The slowdown has been offshore, where production dropped after the 2010 Deep Horizon oil rig explosion in the Gulf of Mexico, which sparked a drilling moratorium and left the industry and the administration in conflict.

Interior Department spokeswoman Jessica Kershaw said a rebound is underway, with more rigs working in the Gulf than before the spill, and even more on the way next year.

Processing times for offshore permits have dropped from 71 days in 2011 to 59 days in 2013.

“Domestic oil and gas production has grown each year the president has been in office and renewable electricity generation from wind, solar, and geothermal sources has doubled,” Ms. Kershaw said. “Combined with recent declines in oil consumption, foreign oil imports now account for less than 40 percent of the oil consumed in America — the lowest level since 1988.”

Energy production has been a complicated issue for Mr. Obama, who has generously funded renewable energy but has also laid claim to an “all-of-the-above” strategy that includes oil and natural gas.

Indeed, in the 2012 presidential campaign, Mr. Obama told GOP opponent Mitt Romney during a terse debate exchange that it was “just not true” that domestic oil production on federal lands had dropped.

But the CRS numbers show gas production on federal lands — measured both onshore and offshore — has dropped every year, from 5.4 billion cubic feet in 2009, to 3.9 billion cubic feet in 2013. Crude oil production on federal lands did rise from 2009 to 2010, reaching nearly 2 million barrels per day, but has since cratered, falling 16 percent to less than 1.7 million barrels a day.

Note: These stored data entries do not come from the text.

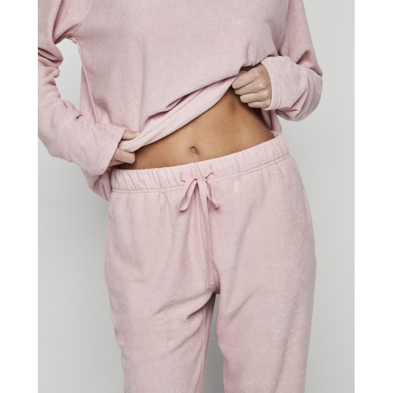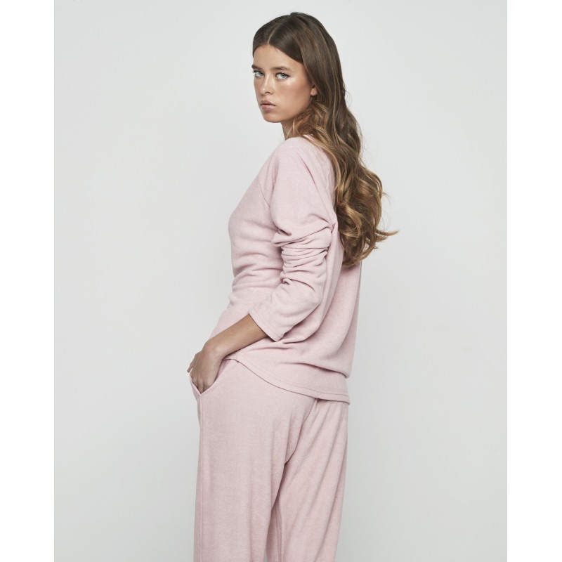 Pijama de senhora de duas peças. Feito de tecido extramacio, inclui uma blusa de manga comprida com gola redonda e calças compridas com bolsos e gravata ajustável. Uma peça pensada para envolver as suas noites em calor e conforto, porque não há sensação mais reconfortante do que se sentir em casa.
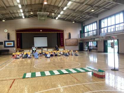 体育館に信号機と横断歩道が出現し、正しい横断の仕方を学びました。青信号がチカチカしたら渡らない・・・今日も元気に「ただいま」が言えるように。
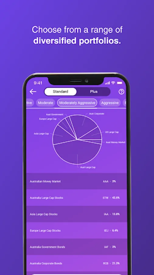Raiz gives you the option of choosing one of 8 pre-defined investment portfolios or a Plus portfolio that includes the option to invest in ASX listed stocks. Depending on the portfolio you choose, Raiz will diversify your investment across hundreds of the most widely held Australian and international companies, corporate bonds, government bonds, cash, bitcoin and/or residential property.
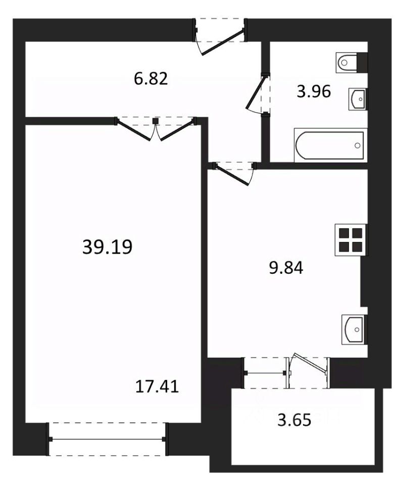 Общая площадь39,19 м²
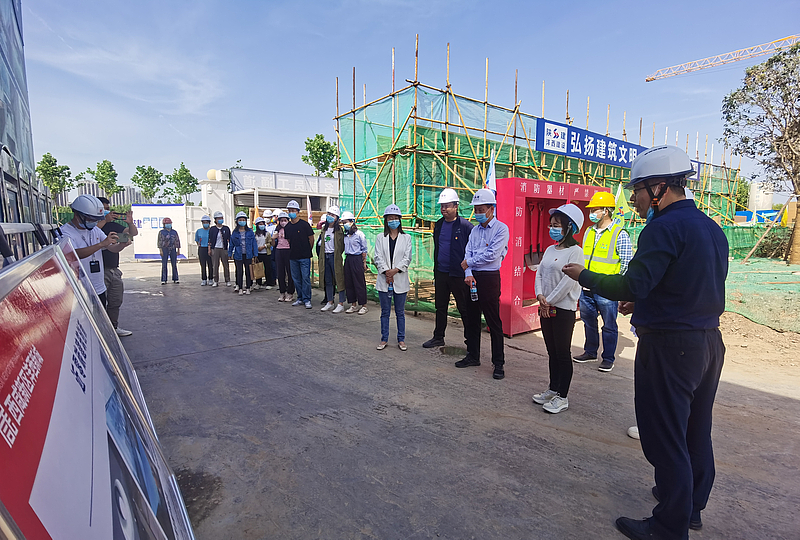 在絲路歡樂世界,講解員從文化共生、融合創新角度闡釋了項目的包容力與生命力,帶領大家深度領略絲路文化基因,感受項目發展動能。在灃河灃景路泵站管理用房項目,大家詳細了解了新型木紋清水混凝土工藝的應用成果,以及項目在打造近零碳建筑過程中的系列創新舉措。在實驗學校,全體人員參觀了灃西新城“最美圖書館”,通過智慧借閱系統選擇感興趣的圖書進行閱讀,共同感受濃厚的書香氛圍。
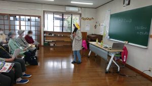 地域包括支援センターの説明の後、県内の特殊詐欺の被害状況、国際電話着信拒否設定について説明をしました
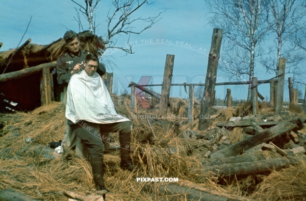 German army soldier getting his hair cut from field hard dressers. Beside destroyed farm house. Russia 1942

If federal-lands crude production had kept pace with the rest of the country, it would mean more than 1 million more barrels a day of oil being produced inside the U.S.

“A million barrels a day is $100 million worth of oil that we currently purchase from other people,” said Daniel Kish, senior vice president for policy at the Institute for Energy Research. “We spend $100 million to buy that oil that we could be producing here at home, paying Americans to make it rather than other people to make it.”

Mr. Kish, though, also predicted that with the gulf oil spill receding, federal production could rebound — and do so in a big way, with some massive new projects poised to come on line over the next couple of years.